Волны ревели. Я шел мимо смирно лежащих трупов в черных траурных мешках. Я шел и шел, и их было так много, трупов, а они все не кончались, хотя давно должен был их скорбный черный ряд закончиться здесь, на берегу, под криками чаек. Чайки кричали, катера качались на волнах. Шум прибоя становился громче. Я вдруг вспомнил, что говорил мне Четвертый о своем несчастном сыне и о своей дочке. Сына у него выпустили из тюрьмы, но долго он на свободе не пробегал - в метро убил человека, столкнул на рельсы, и ведь не ограбление это было, не убийство со зла, он к нему не готовился: просто захотел развлечься, подошел к краю платформы и толкнул незнакомца под поезд. Развлекся? Если тюрьма навеки его развлеченье, то да, конечно.

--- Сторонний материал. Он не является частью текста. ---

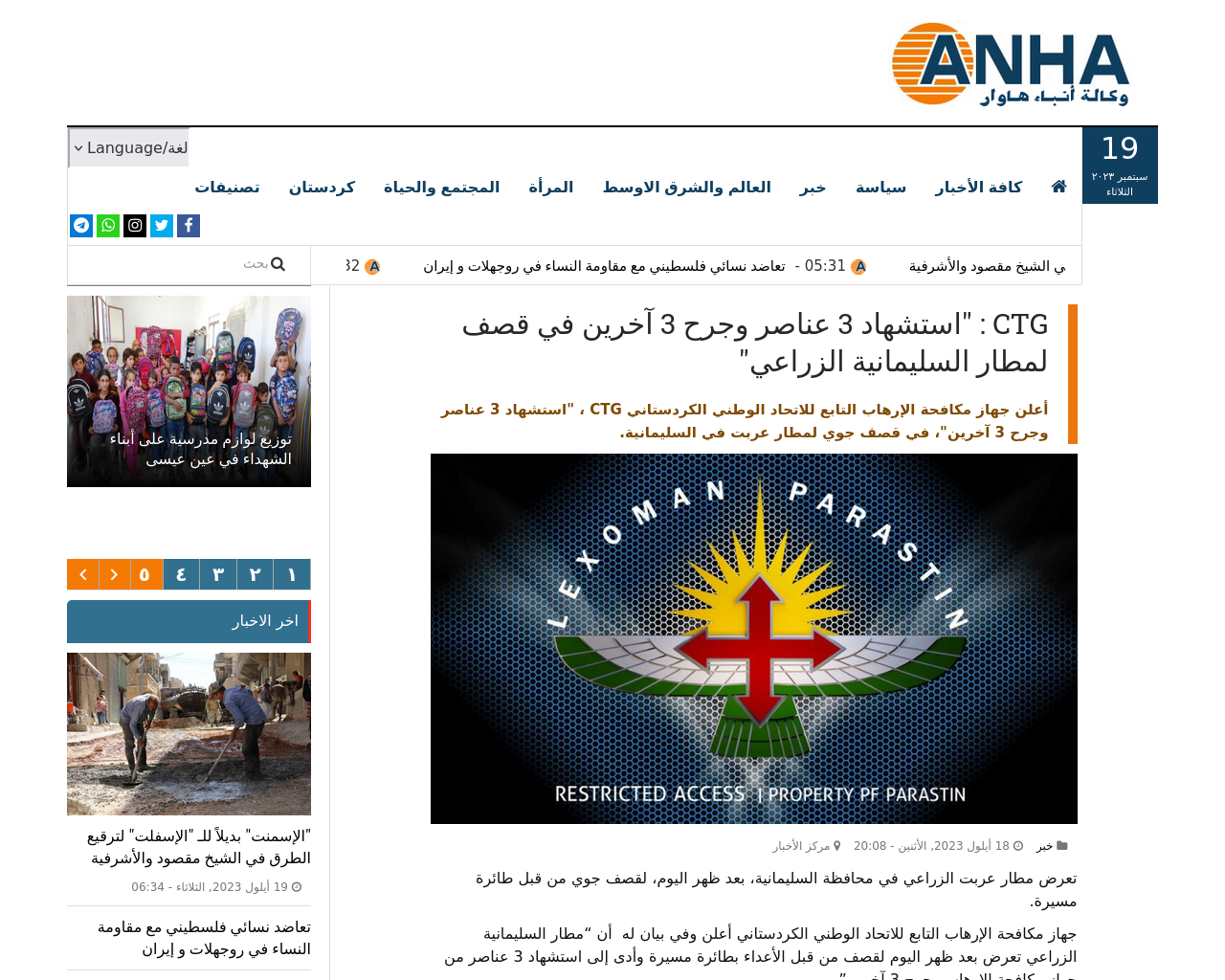CTG : "استشهاد 3 عناصر وجرح 3 آخرين في قصف لمطار السليمانية الزراعي" - وكالة أنباء هاوار
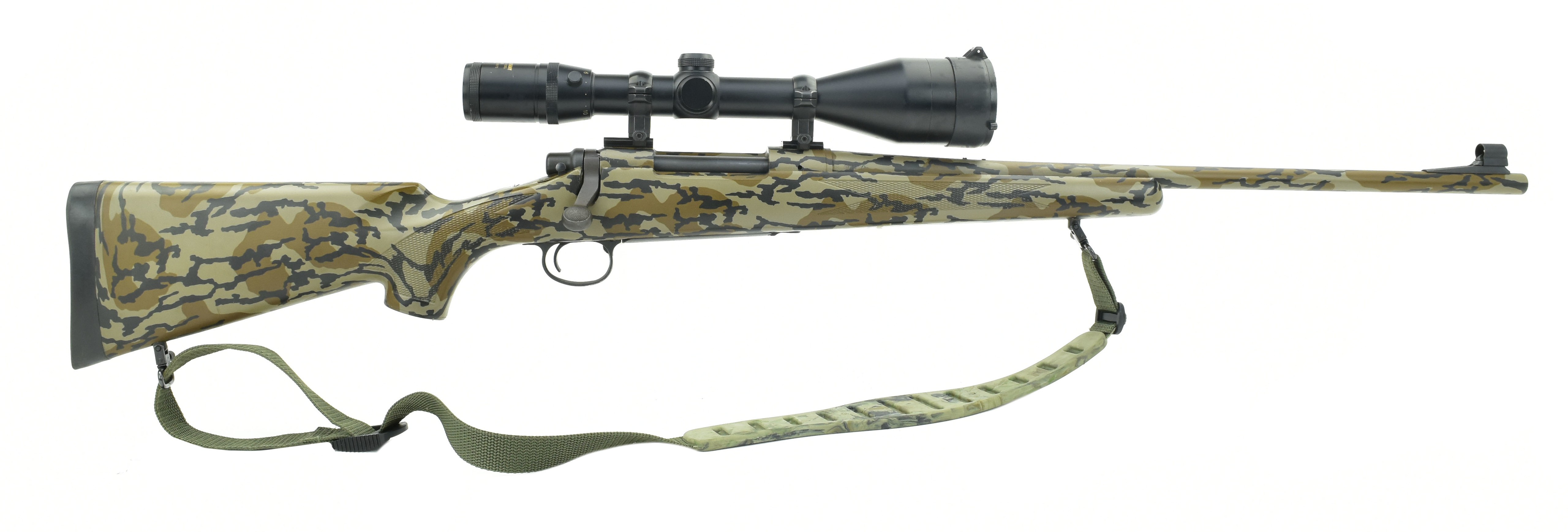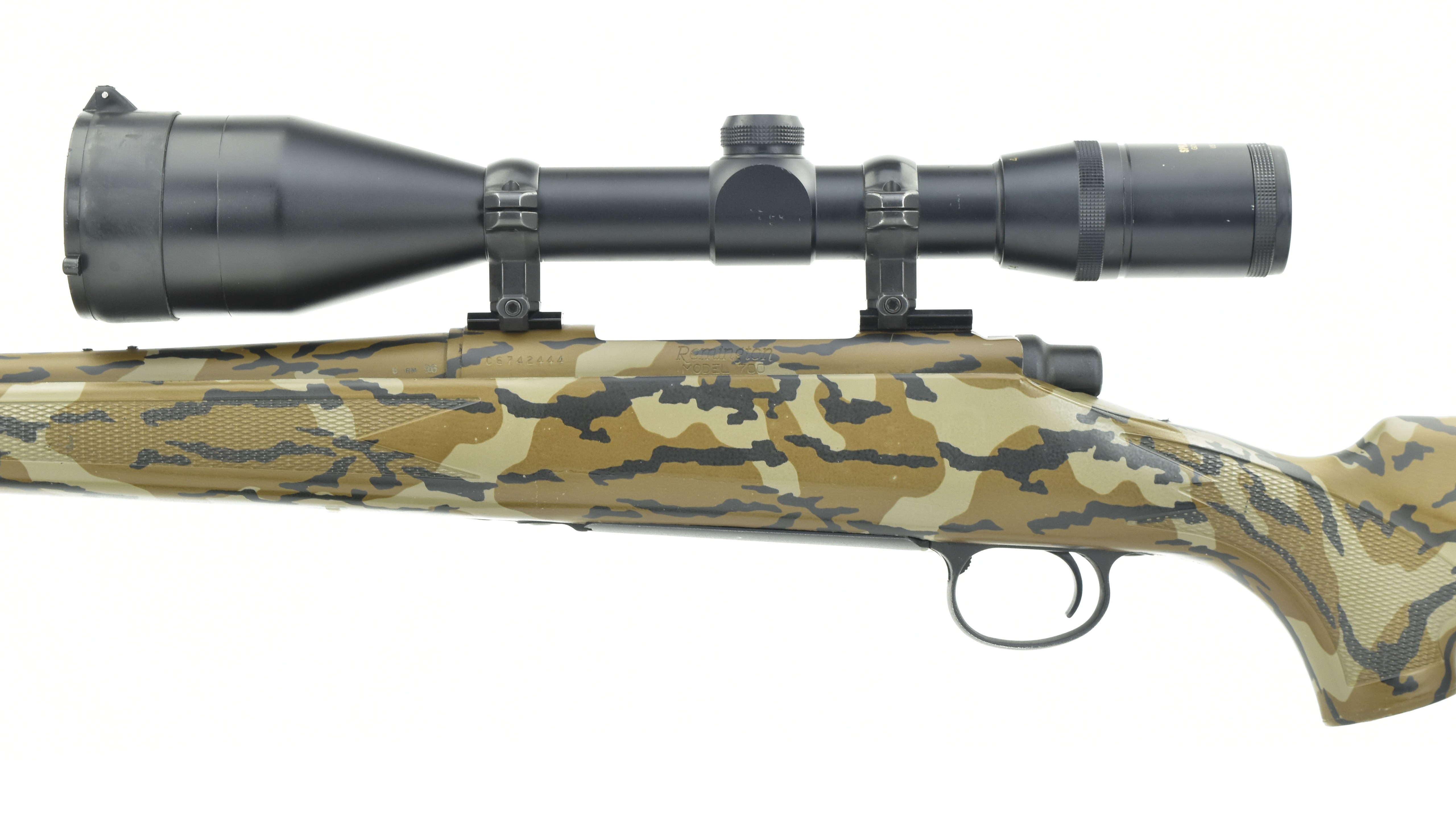 Remington 700 .30-06 caliber rifle. With camo finish. Has a Springfield 4-14X scope. Excellent condition.

Без тюрьмы ему худо, он к ней привык; это его воздух и его еда. Так же неистово люди прикипают, привыкают к войне. Того, кто хоть раз воевал, как магнитом тянет на войну. Вот я не воевал, мне это не грозит. А дочка этого моего Четвертого, Софочка Мицкевич, сама мать двоих детей, взяла на воспитание еще двух ребятишек, вусмерть обожженных на пожаре. Горел дом в центре города, нашумевшая история; я сам ее освещал в паре-тройке столичных СМИ. Дом взорвали, все тогда орали: теракт! теракт! - но то, что это теракт, доказать не смогли. А может, не захотели; наша разведка должна быть всегда доблестной и великой, а тут не уследили, да быть этого не может! Людей, что выжили, развезли по больницам. Софочка, молоденькая мамашка, пошла в больницу, в ожоговый центр, выбрала мальчика с насмерть сожженным лицом, с красной лепешкой вместо лица, и девочку, у которой обожжено больше половины всей кожи на теле, и сказала: это мои! - и оформила все документы, и теперь эти несчастные дети-уроды пьют, едят и спят в ее доме вместе с ее детьми. Ну зачем? Зачем она это сделала? Ведь это же обуза! Это же крест на всю жизнь!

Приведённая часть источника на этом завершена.